Happenstance Art – A lesson in mindfulness
I love Happenstance Art. It sneaks up on me and throws fairy dust in my eyes. It challenges me to stop what I’m doing and pay attention. It reminds me to be mindful.
I think that most of the time, art is placed as something separate from our day to day lives. We tend to think of art as something we must to seek out rather than something that is present all around us and inside us every minute of every day. We need to look at images, paintings, sculpture, etc. that were created by artists specifically for being studied and appreciated. We go to museums. We look art books. We treat art as something magnificent and yet purposeful. And often, those of us who don’t feel we are creative, believe art is to be created by those other than ourselves. Here’s the message from me to you: We are all creative. We are all artists. And we have an incredible opportunity to share what we see and sense.

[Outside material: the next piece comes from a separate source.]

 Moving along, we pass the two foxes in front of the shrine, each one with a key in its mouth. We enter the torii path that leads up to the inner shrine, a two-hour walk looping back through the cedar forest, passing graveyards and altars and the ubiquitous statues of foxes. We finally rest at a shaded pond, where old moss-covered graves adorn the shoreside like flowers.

Art is there every second. The curve of the line of a guitar’s body can take your breath away. The way a car changes lanes with skill and finesse so that it melds its motion with and against all the other cars on the road has a certain artistic beauty. The pillars of light that filter sun rays and grace us with heavenly visions have an artistic sense. These all appear in our lives and can give us that momentary sense of the sublime.

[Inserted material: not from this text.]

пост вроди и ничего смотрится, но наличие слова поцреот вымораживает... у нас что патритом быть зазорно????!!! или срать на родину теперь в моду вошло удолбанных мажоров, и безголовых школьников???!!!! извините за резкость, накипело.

And sometimes, art goes a step further. In an otherwise innocuous moment, it presents itself like a dare. “See me! Acknowledge me! Bathe your senses in me.”
This morning that happened to me. Art smacked me awake when I was changing my guitar strings for a video shoot I have this evening. I slipped the G-string out of its packaging, and it made this:
I love the shape and the lines. I also love how my fingers holding the string winder make it all look somehow like a stylized imagine of a tropical bird. This morning the simple act of changing guitar strings transformed into a profound meditation on the state and nature of art.
I had to stop and appreciate it, because to do otherwise would be to ignore art’s insistence that it be acknowledged. What a wonderful lesson first thing in the morning. “Remember, art comes at you. Your job is to meet it and play in its world.”